A nadie le extraña las maniobras del Deportivo de la Coruña con su presidente Lendoiro a la cabeza, pero esto ya se está pasando de castaño oscuro. Lo anunciaba y lo ha hecho realidad, ayer ante el Comité de Competición de la Federación el Deportivo impugnó el partido del Calderón entre el Atlético de Madrid y el Real Zaragoza por alineación indebida de Lafita. Ahora el Real Zaragoza tiene cinco días para enviar sus alegaciones.

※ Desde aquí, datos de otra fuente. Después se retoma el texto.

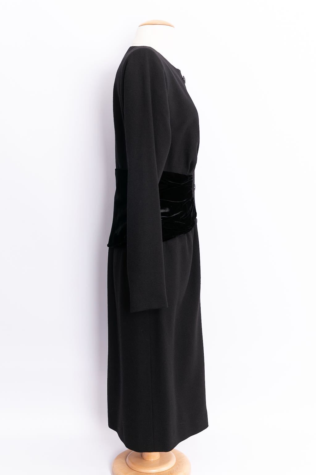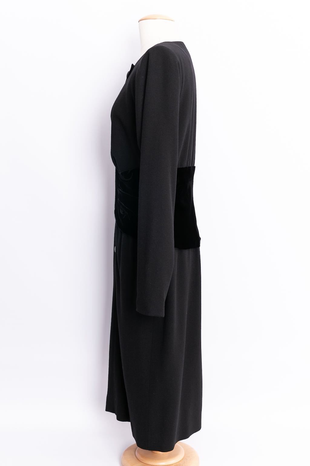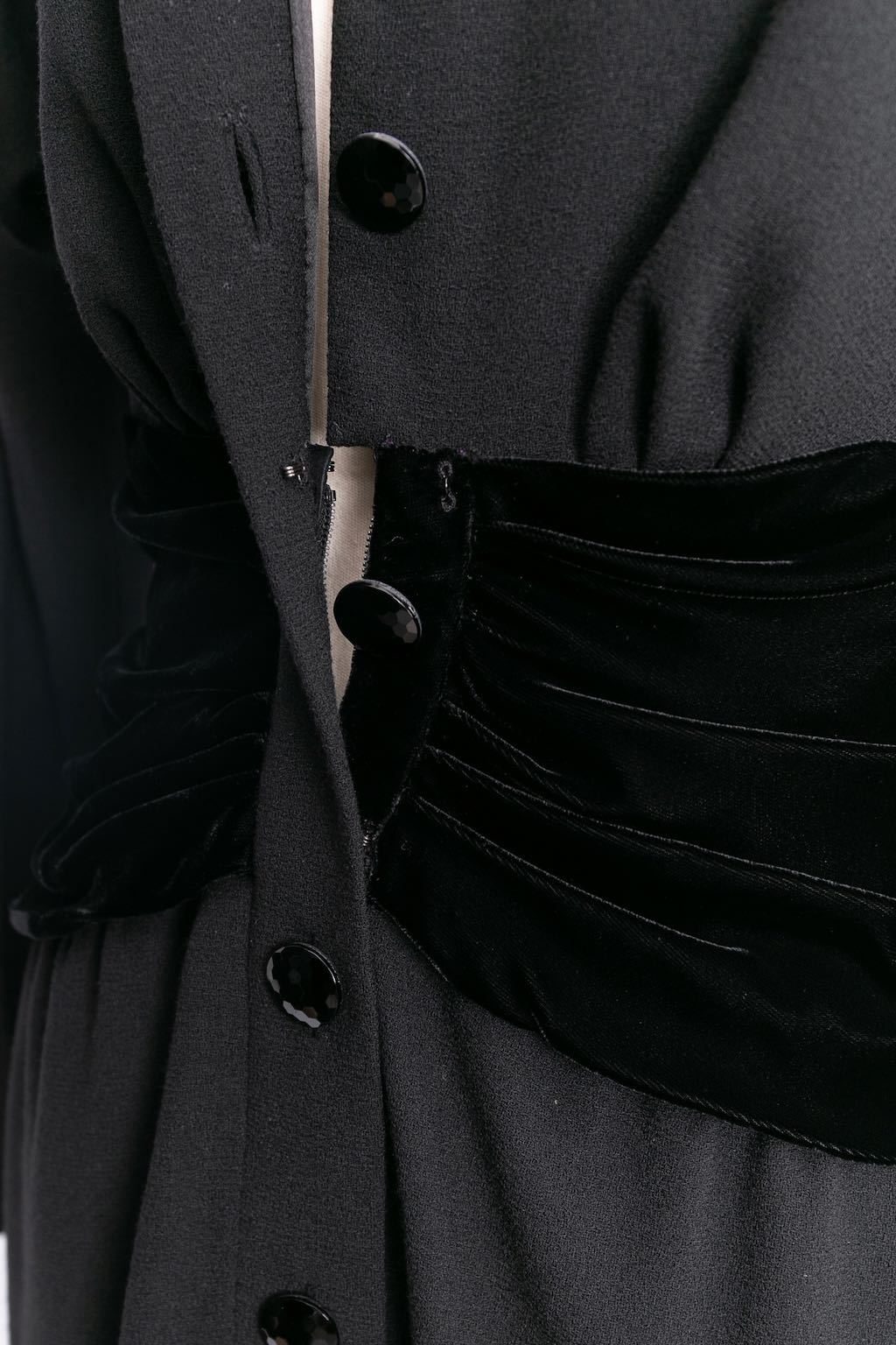 YVES SAINT LAURENT -(Bolduc 075023) Robe en étamine de laine et velours se boutonnant à l'avant. Aucune étiquette de taille ou de composition, elle correspond à une taille 36FR. Collection Haute Couture Hiver 1990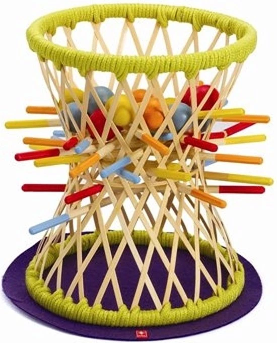 Het spel Pallina bestaat uit een grote houten korf van 24 x 24 x 32 cm, 20 bamboe staafjes en 16 houten balletjes in 4 verschillende kleuren, een basis en een handleiding.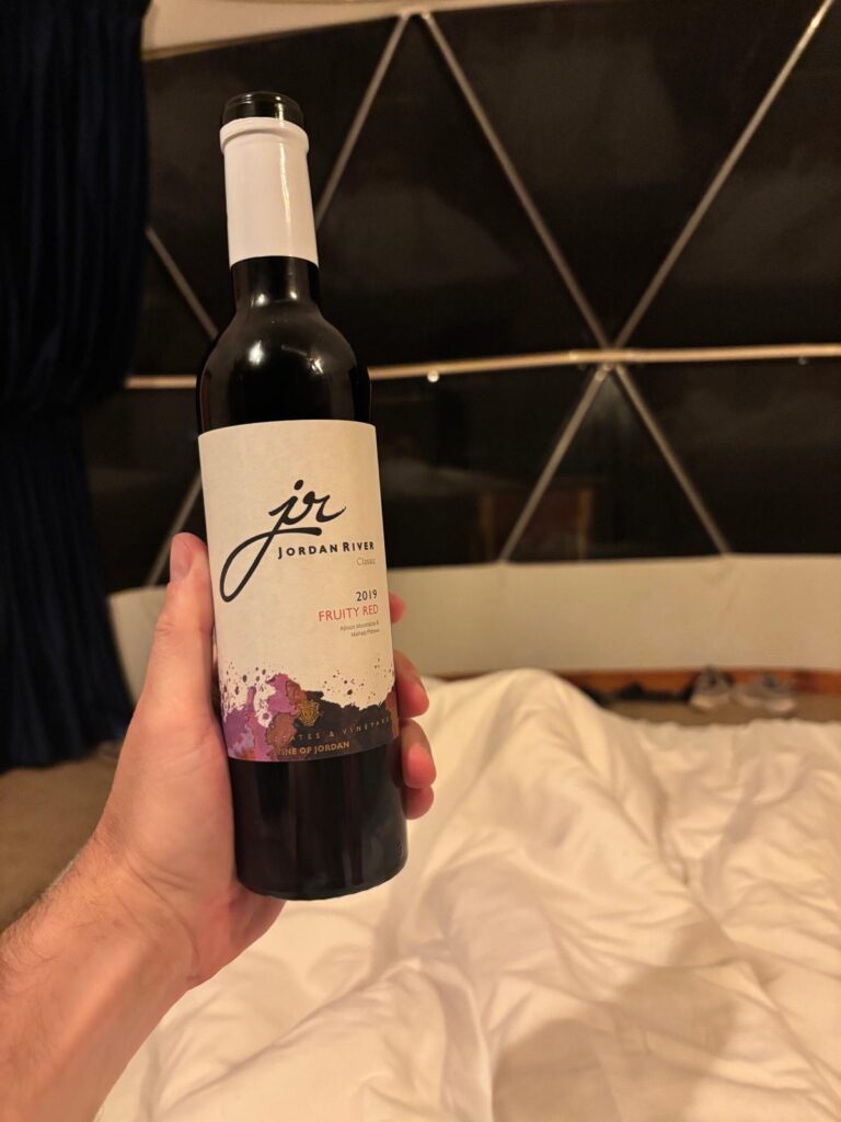 A protože se nám zalíbila pohoda a atmosféra našeho domečku, hned po večeři jsme se tam vrátili, hráli karty, ochutnali jordánské víno, které je jednou z věcí, co se doporučuje vyzkoušet při návštěvě této země. Oběma nám moc chutnalo.
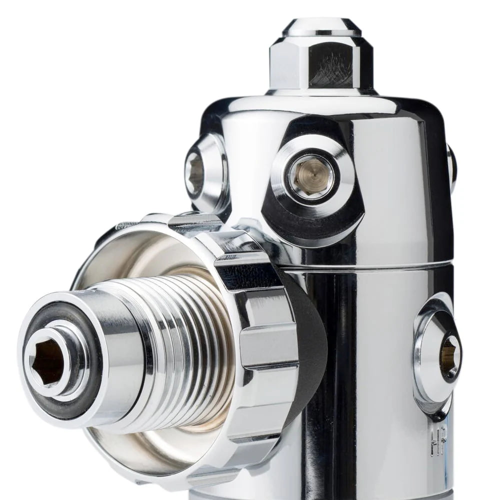 The Apeks DST First Stage Regulator with 5th Port has all the features of Apeks DST First stage. The only difference is that a 5th medium pressure port has been added on top of the rotating turret, making it ideal for any side-slung setup from stage bottles to CCR bailout and plain sidemount.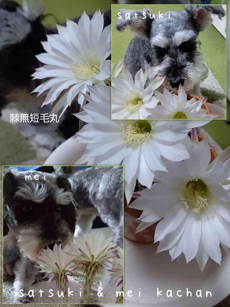 🌵のお花って本当キレイだよね~香りもあるの??今度咲いたら嗅いでみよう🤭サツキちゃんメイちゃん、トゲには気を付けてね~
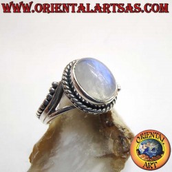 Elegante anillo de Plata 925 con una gema ovalada de Piedra Luna Arcoíris (8x10 mm). La piedra de la intuición y el Divino Femenino ofrece una espectacular iridiscencia azul. Perfecta para cualquier ocasión.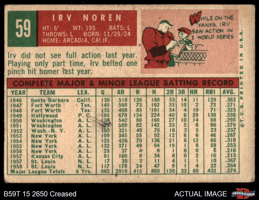 1959 Topps #59 Irv Noren 1.5 - FAIR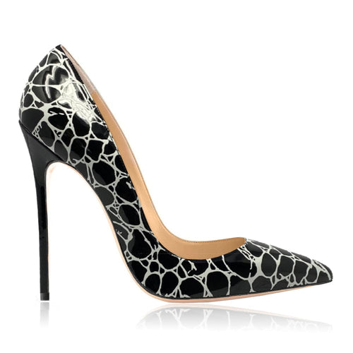Décolleté bout pointu en cuir verni imprimé et talon aiguille 100 mm ou 120 mm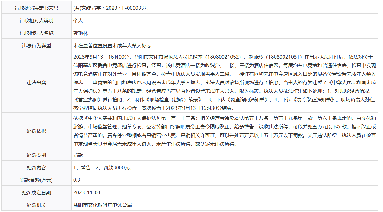 【行政处罚】郭艳林
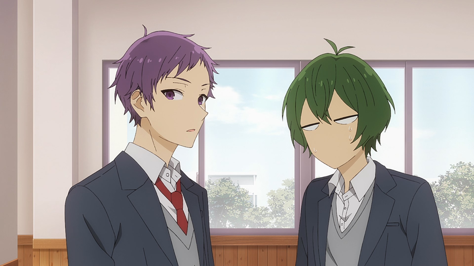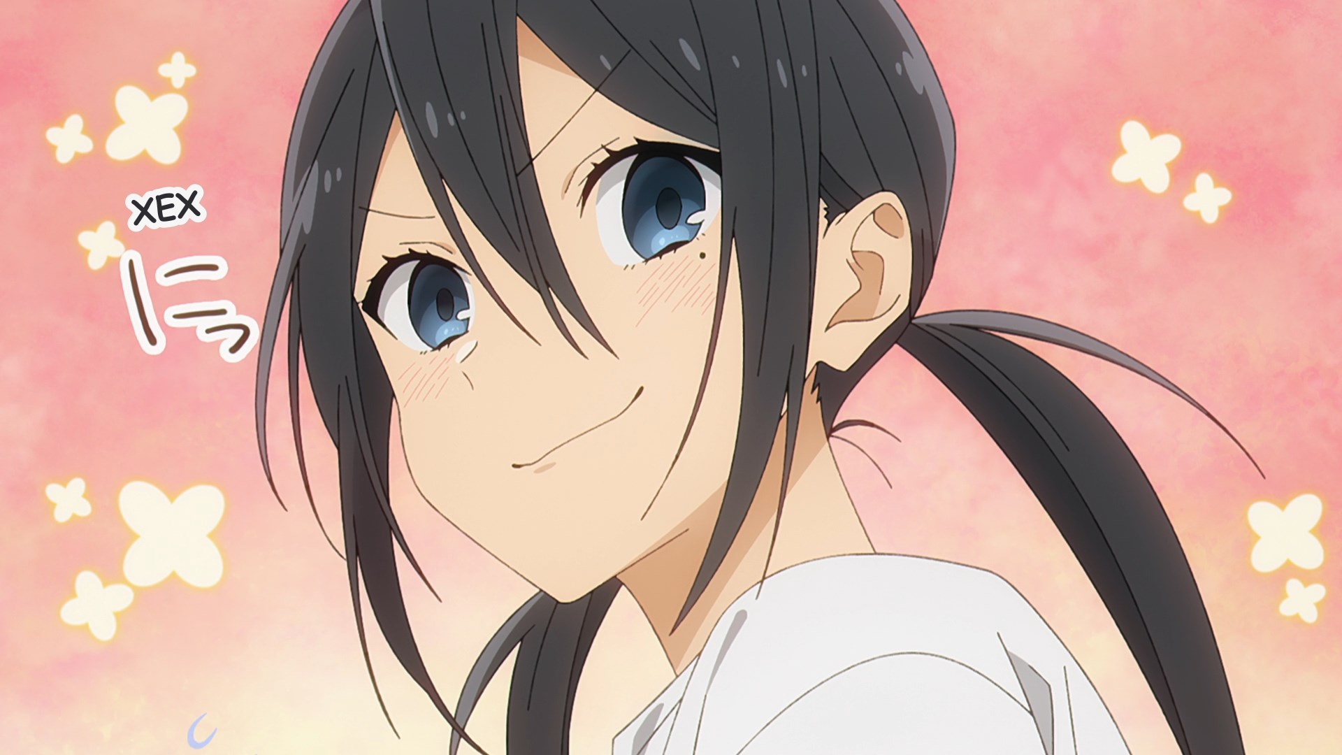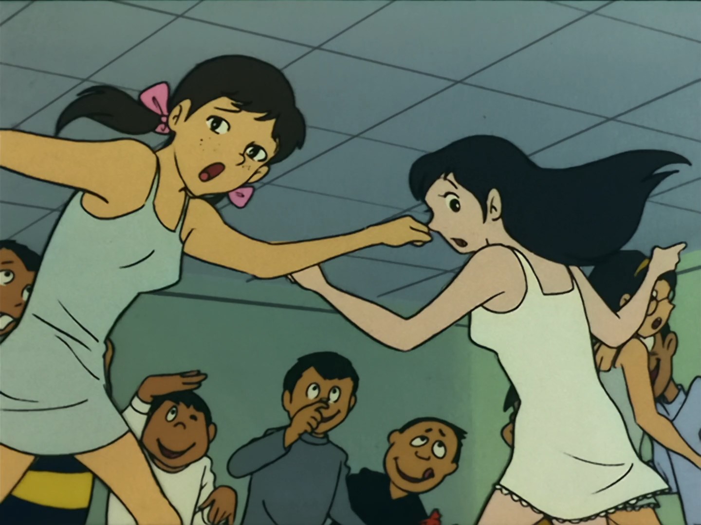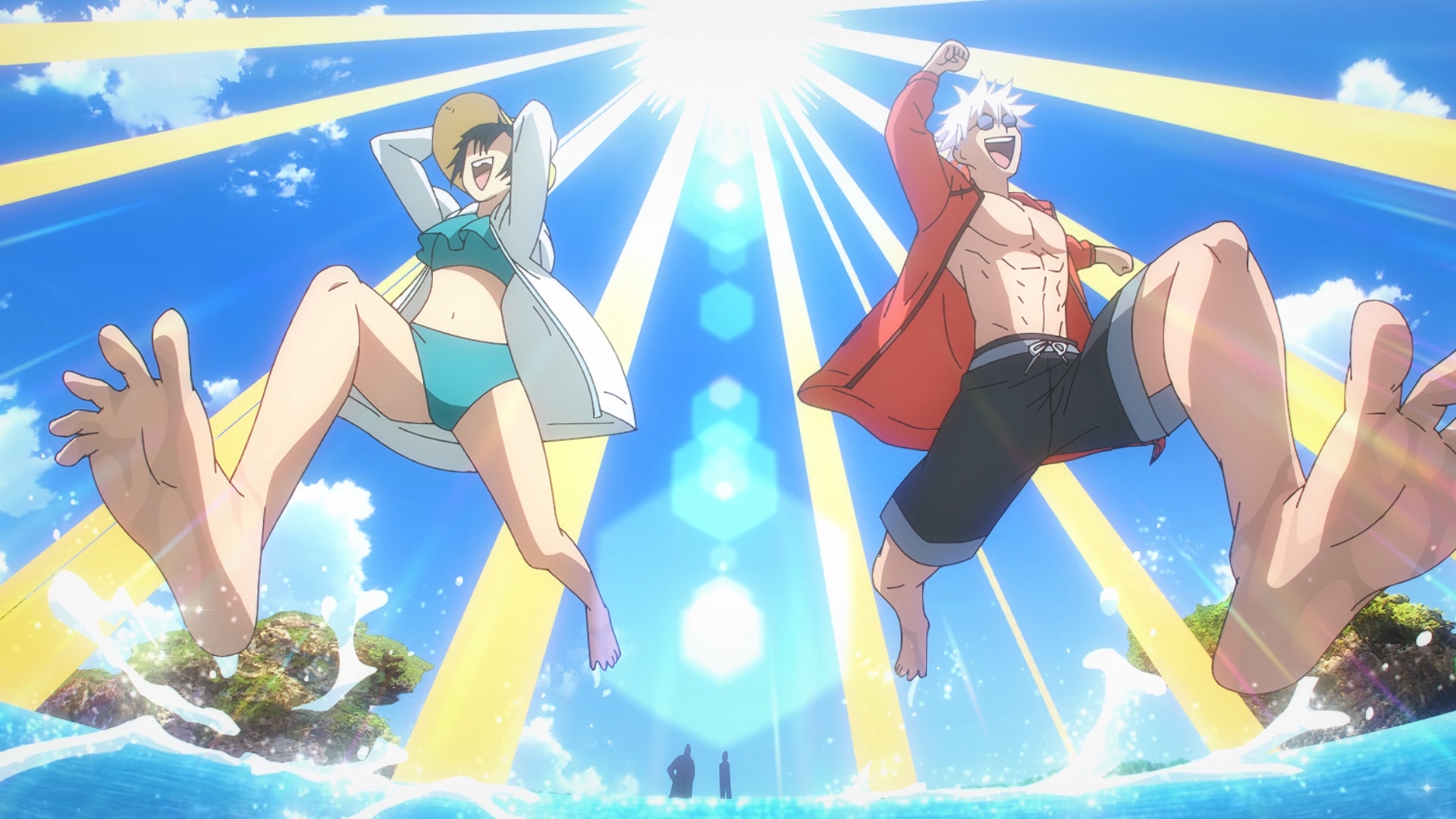 Забавно, что первая половина эпизода - такая более стилизованная и неанатомичная, хотя казалось бы - эпизод в летней пляжной кафешке. Немного похоже на имаишевский стиль, особенно анимация, но не он.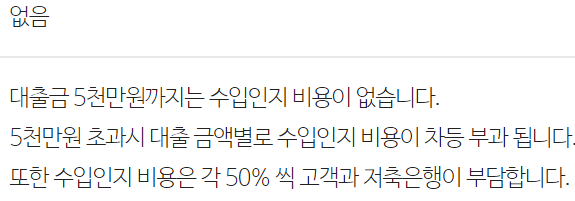인지세란 대출 신규 거래 약정 시 내는 세금으로 5천만원 이하까지는 비과세이며 대출금액 5천만원 초과 시 7만원 , 1억원 초과 시 15만원의 인지세를 은행과 고객이 각각 50%씩 부담합니다.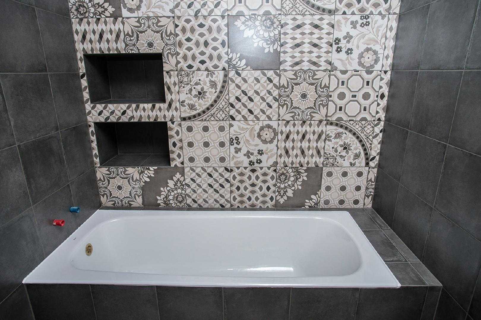 Самые модные в 2019 году дизайны плитки — бетон и дерево. Первые выглядят очень круто в матовом исполнении(но матовая и стоит дороже), а дерево при глубокой текстуре. Т.к. бетон серый и неоднородный, даже при отсутствии текстуры он очень практичен и на нем не видны пятна от воды. Посмотрим варианты серой облицовки на реальных фото.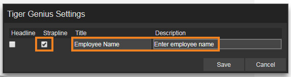 In the below example the strapline of a story panel has been selected so the TigerGenius User can input the name of a new starter. Enter a Title and Description to help make it easier for your TigerGenius User when they are completing the fields in TigerGenius.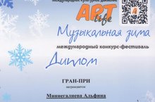 Учащаяся театрального отделения Миннегалиева Альфина приняла участие в Международном конкурсе- фестивале "Музыкальная зима", где стала обладателем диплома Гран- При (рук. Хабибуллина Д.Р.)

Yo entiendo que todo el mundo tiene derecho a defender lo suyo, que si el Deportivo cree tener la razón lo lleve hasta sus últimas consecuencias, pero ¿es tan difícil que alguien lea el contrato ante los dos clubes y dictamine quien tiene razón? Como hace siempre Lendoiro hasta que un juez le diga que no tenga razón no va a parar, como hizo ayer el juzgado social número 1 en el caso De Guzmán, con lo que las impugnaciones seguirán.
Ahora le toca mover pieza al Real Zaragoza porque si la Federación le da la razón al club maño este debería pedirle daños y perjuicios al Deportivo de la Coruña, primero por no poder disfrutar del jugador desde el principio de la temporada, segundo por todos viajes que están teniendo que realizar representantes del equipo y del jugador a La Coruña, tercero por el tiempo invertido por las asesorías jurídicas del Real Zaragoza y cuarto por el daño que se le está haciendo al jugador.
Seguro que esto no queda aquí con lo que esto no es más que un capítulo de un libro que no tiene ni tres ni revés.